→ **Task requirements**: All that is needed is an exact copy of the lines from the beginning of the data below through the line containing "Schematic representation of", minus the pictures.

Records contained in a dataset
========================================

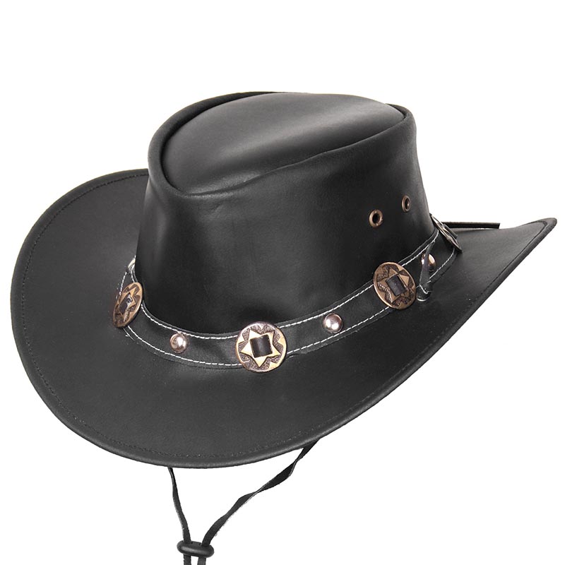 Australian hat in leather model Concho, unisex and waterproof. The leather is very beautiful and strong, and water-repellent. It is possible to shape the edges due to a thin metal wire inside.
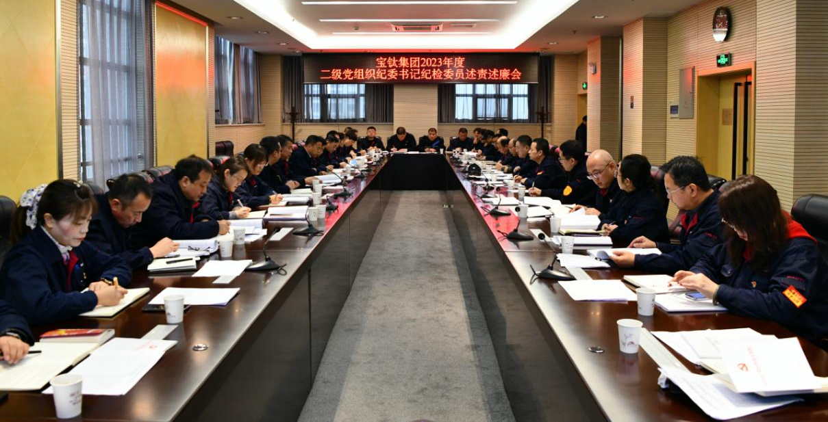 2月5日上午,寶鈦集團紀委組織召開2023年度二級黨組織紀委書記紀檢委員述責述廉會,公司紀委委員,二級黨組織紀委書記、紀檢委員,紀檢部門干部共42人參加會議。寶鈦集團黨委委員、紀委書記賀治民出席會議,紀委副書記劉軍發主持會議。
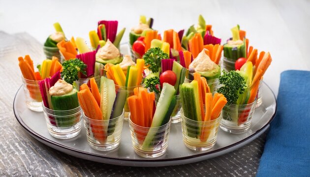 a platter of colorful and crunchy crudite cups with hummus or creamy dip
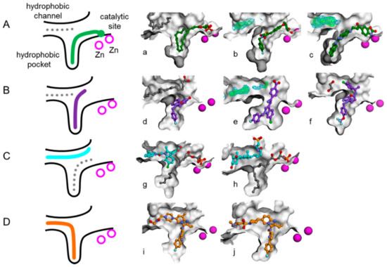 Schematic representation of the autotaxin (ATX) binding pocket and the different inhibitor binding modes reported to date. (This figure is cited from the reference 22) Type I, II, III, and IV inhibitors are represented in green, purple, cyan, and orange, respectively, on the schema with matching colors for carbon atoms on the exemplified structures. The gray dotted lines represent secondary ligands modeled next to the inhibitor as shown with gray carbons on the illustrations. Zinc ions are depicted in magenta. (A) Binding mode of type I inhibitors LPA (lysophosphatidic acid) 22:6 (a), HA-155 (b), and “compound 2”(c). (B) Binding mode of type II inhibitors PAT-494 (d), PAT-078 (e), and CRT0273750 (f). (C) Binding mode of type III inhibitors PAT-343 (g) and tauroursodeoxycholic acid (h). (D) Binding mode of type IV inhibitors GLPG1690 (i) and compound 9 (j).
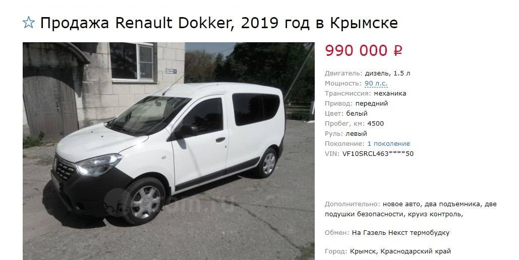 Предлагаемый на российском рынке Renault Dokker оценивается в 905 тыс. руб. и выше.
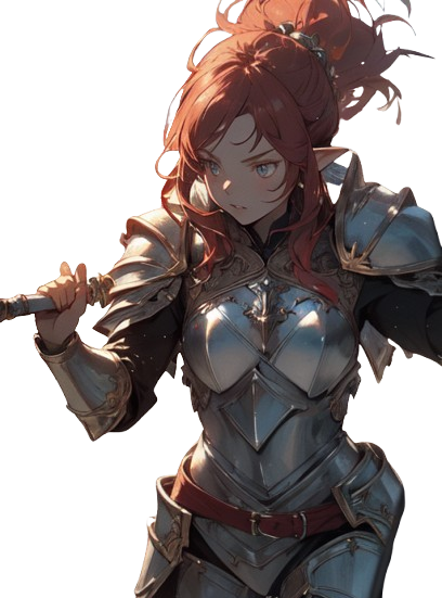 燃えるような赤い髪のエルフ。無骨な金属鎧と3メートルの長さのウォーハンマーを担いでいる。
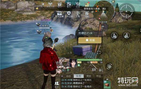 2、在池塘边上找到钓鱼装备,在石块下挖掘出简易强化涂层*5。
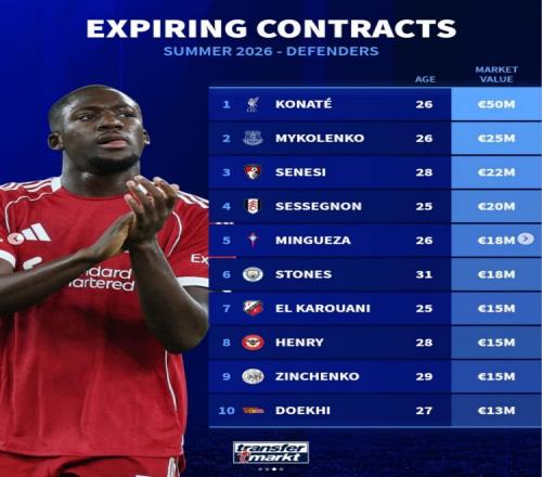 德轉(zhuǎn)列今夏合同到期十大后衛(wèi)球員身價(jià),科納特5000萬(wàn)歐居首
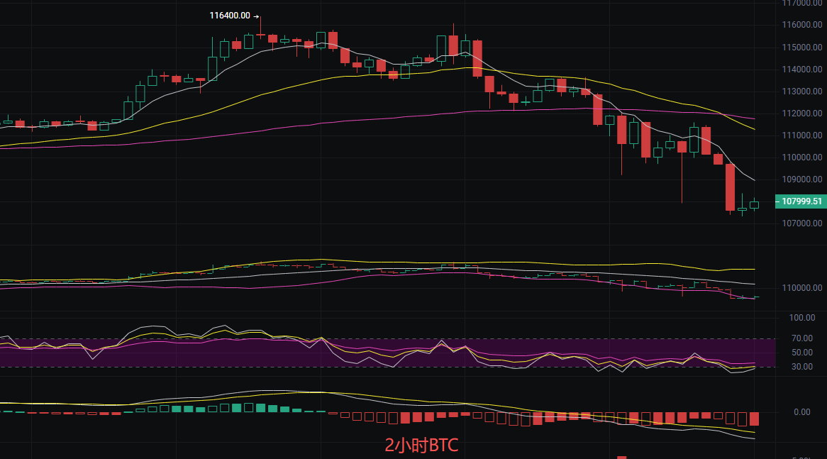 比特币现价107900,丽盈判断大饼综合明显的下跌趋势。技术面显示强烈的空头信号,K线形成看跌吞没形态,均线系统呈空头排列,近期出现死亡交叉,表明卖方主导市场动能增强。同时价格逼近关键支撑位106666,该位置若被跌破可能进一步加剧下行压力。日线连续下跌形成大阴线市场空头力量占优。2小时在108000附近出现震荡整理,短期内有止跌迹象,但整体仍处于下降趋势,MACD2小时空头动能减弱但尚未转强。EMA短期或有技术性反弹压力,长期趋势依旧偏空,思路上丽盈认为还是以逢高做空为主,低多为辅
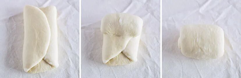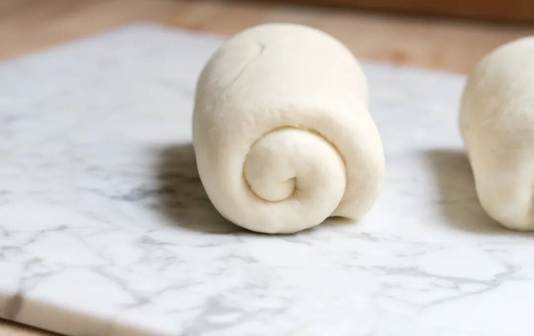 取一个松弛好的面团,拍平后三折成长条形,擀长后卷起,捏紧收口(一次擀卷的整形方式)。

========================================

→ **Result for this exercise**:
 Australian hat in leather model Concho, unisex and waterproof. The leather is very beautiful and strong, and water-repellent. It is possible to shape the edges due to a thin metal wire inside.
 2月5日上午,寶鈦集團紀委組織召開2023年度二級黨組織紀委書記紀檢委員述責述廉會,公司紀委委員,二級黨組織紀委書記、紀檢委員,紀檢部門干部共42人參加會議。寶鈦集團黨委委員、紀委書記賀治民出席會議,紀委副書記劉軍發主持會議。
 a platter of colorful and crunchy crudite cups with hummus or creamy dip
 Schematic representation of the autotaxin (ATX) binding pocket and the different inhibitor binding modes reported to date. (This figure is cited from the reference 22) Type I, II, III, and IV inhibitors are represented in green, purple, cyan, and orange, respectively, on the schema with matching colors for carbon atoms on the exemplified structures. The gray dotted lines represent secondary ligands modeled next to the inhibitor as shown with gray carbons on the illustrations. Zinc ions are depicted in magenta. (A) Binding mode of type I inhibitors LPA (lysophosphatidic acid) 22:6 (a), HA-155 (b), and “compound 2”(c). (B) Binding mode of type II inhibitors PAT-494 (d), PAT-078 (e), and CRT0273750 (f). (C) Binding mode of type III inhibitors PAT-343 (g) and tauroursodeoxycholic acid (h). (D) Binding mode of type IV inhibitors GLPG1690 (i) and compound 9 (j).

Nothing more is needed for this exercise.